Comments from LiveJournal:

Date: 2014-02-27 05:16 pm (UTC)
From: mount-oregano
It took me a while to realize ... that I like to work. I prefer working to not working. So if I don't have work, I find work.

Date: 2014-02-27 08:45 pm (UTC)
From: snakypoet
I suppose, for all of us, it is about finding the right balance. Leisure and holidays are lovely in contrast to work, but work has its own rewards, not all of them monetary.
I guess the thing I have left out of the above post is working at things one enjoys. I've always been fortunate enough to be able to choose only work I love (which has sometimes meant less income). The same applied to my husband. To be forced to work long hours at something one hated might well invalidate everything I've said.

Date: 2014-02-28 02:17 pm (UTC)

From: danceswithwaves
Purpose is very interesting. Like, right now I'm doing a lot -- I'm getting a master's degree. But I was feeling, for the past month or so, that a lot of the classes I'm going to are pointless for what I want to do, and I'm not learning what I want. (And then I had a relationship explosion and didn't even want to do the things I normally wish I had time for.) So even though I'm busy, I feel purposeless, which is an annoying state because I don't really have time to add something else in.
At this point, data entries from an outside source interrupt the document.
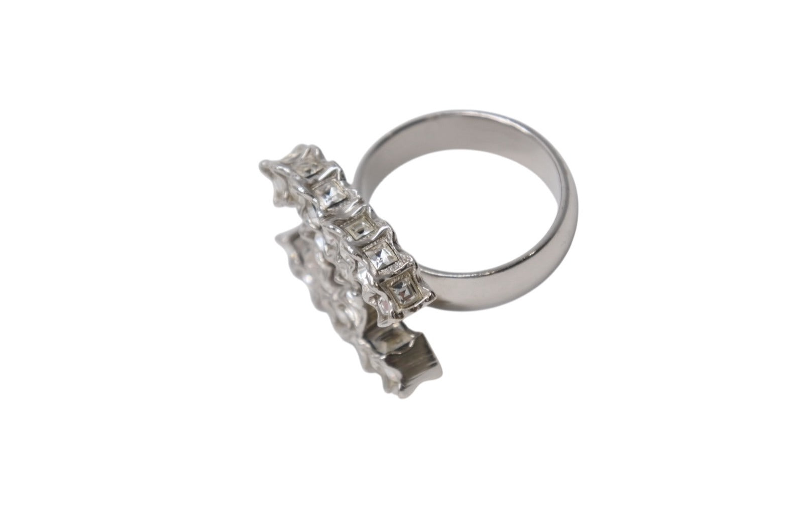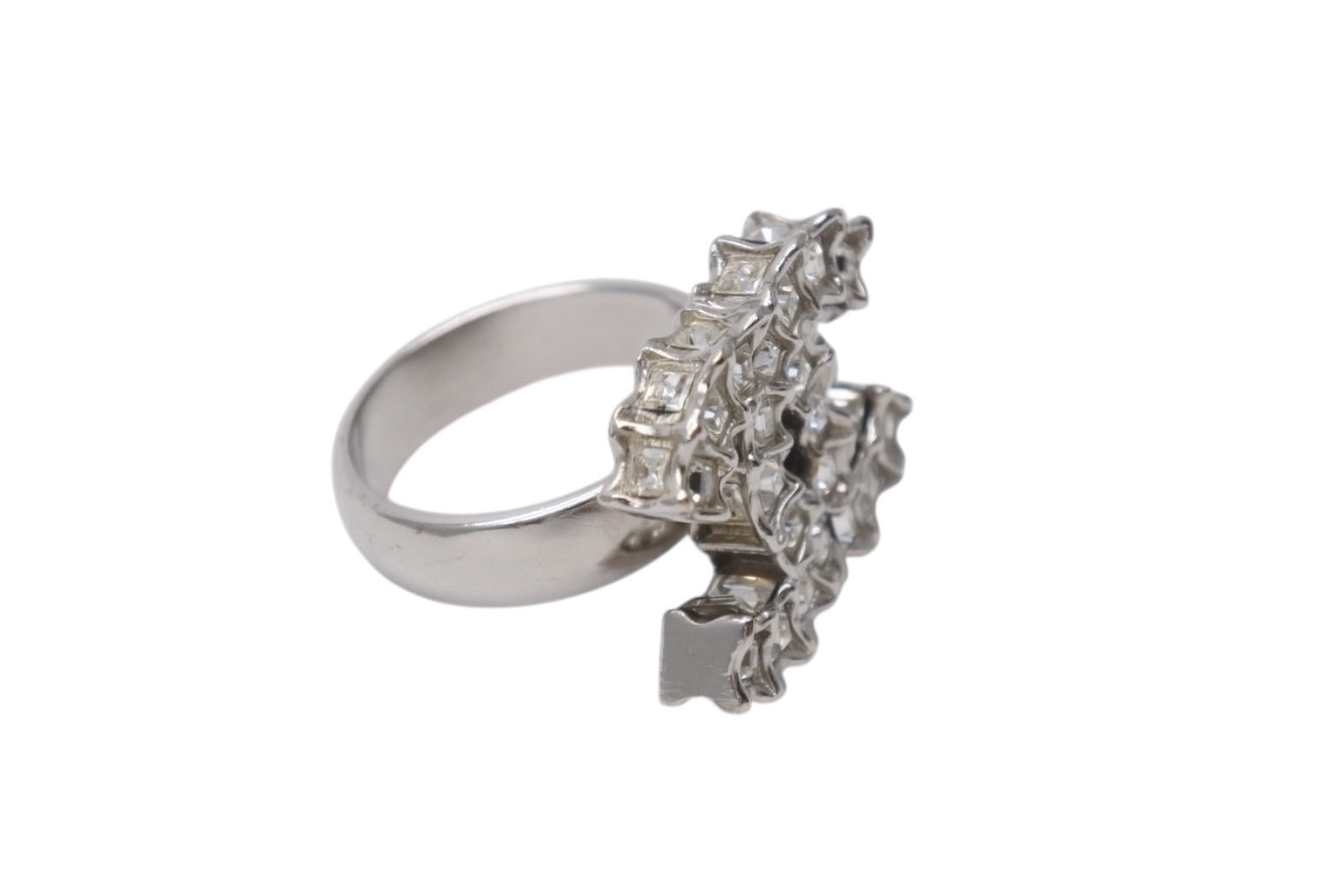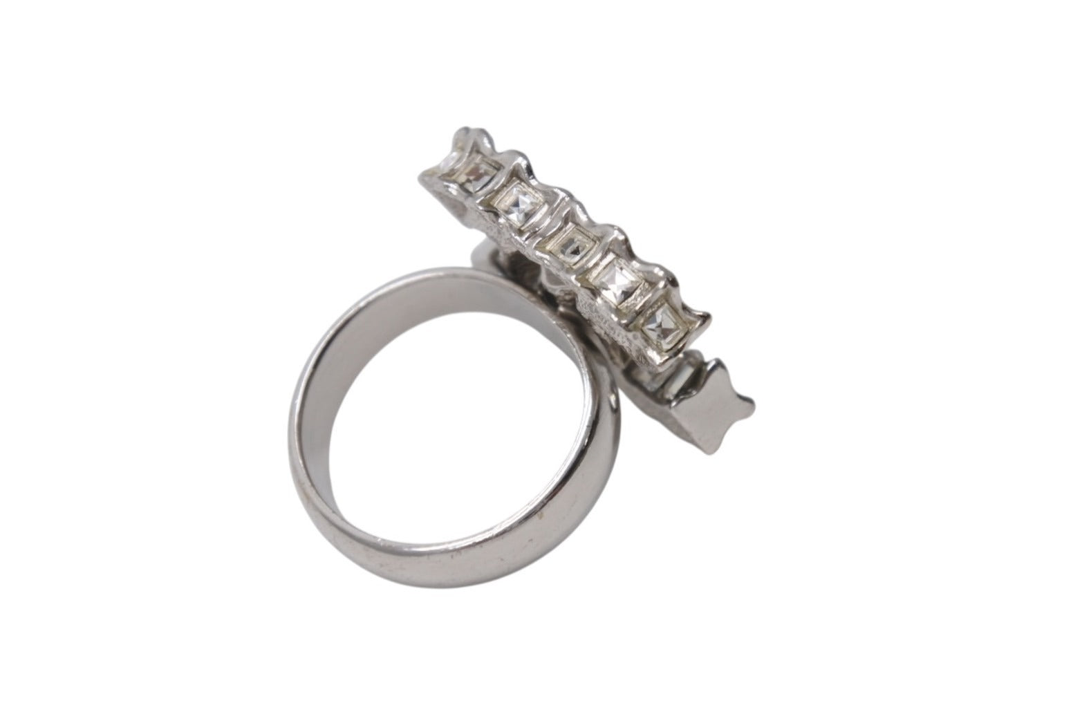 極美品 CHANEL シャネル 指輪 リング ココマーク アクセサリー B11C刻印 メタル ラインストーン シルバー 8.1g 中古 4b001366
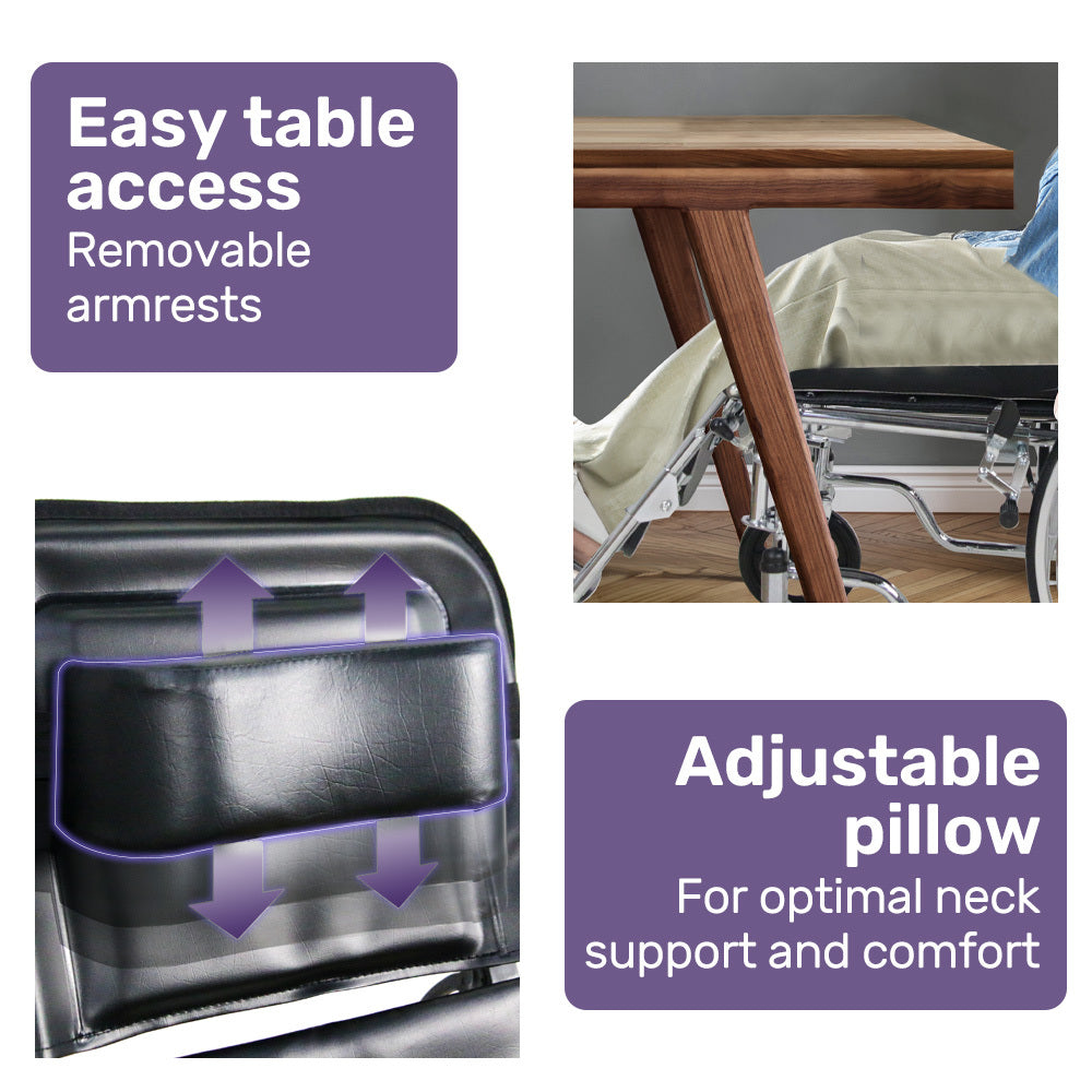 It features plush armrests, padded leg supports, generous seat width and thick cushion to ensure a comfortable journey. For added comfort, an adjustable pillow provides neck support. For a ride that is perfectly tailored to the passenger, the backrest can be adjusted between 7 angles by a carer using the quick adjust handle levers.
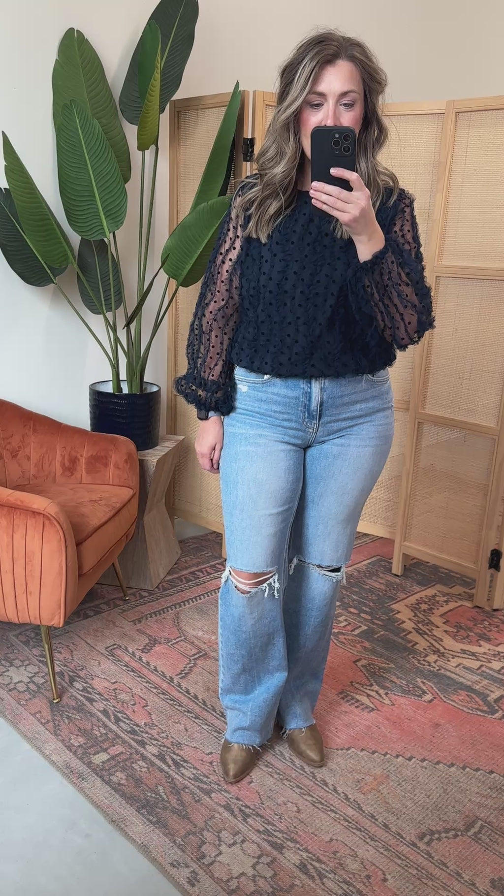 This Fiona Polka Dot Top features a playful round neck and long sleeves crafted from textured mesh. Perfectly versatile from workdays to weekend adventures, it also adds a fun touch to your holiday season wardrobe.
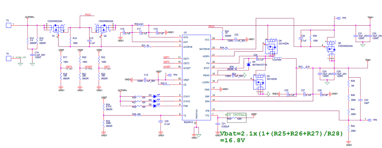 您好,我用BQ24610设计的4串1并锂电池充电电路,输入电压为19.5V,充电电压设置为16.8V,当不接电池的时候VFB为2.1V,而接上电池的时候VFB变成了1.88V,此时电池电压为15.28V左右。SATA1和SATA2灯始终不亮;VREF为3.3V,RENG为5.98V,TS位3.22V,HIDRV为15.28V,LODRV为0V。

Since the degree is short, there's been a combination of figuring that out and surviving the annoying bits until I get to the good bits. But purpose is such an elusive thing sometimes, even if you think it wouldn't be.

Date: 2014-02-28 09:10 pm (UTC)
From: snakypoet 
You had a relationship explosion; I've been bereaved. Maybe what we are experiencing is a symptom of depression? (Besides being an illness in its own right, depression can be one of the stages of grief.) Hard to summon up purposefulness in that case! Ah, which comes first, the chicken or the egg?

Wednesday, February 5, 2014

4th February

It has been one year and five months. Tonight I realised I can remember the feel of your kisses. I'm glad of that. (Those kisses that I'll never have again ... except in memory.) And tomorrow is the date of your  birthday. No, in fact it is today, already; I'm up so late. 

Now it makes sense that tonight I pulled out that chapbook of poems I wrote over the three months immediately following your death, and finished getting it into shape for submitting. 

It is so hard to believe so much time has gone past, although I can feel and see the ways I've changed and adjusted. But part of me is forever with you in your last days, and indeed in all the days we had together. Surely it was only yesterday?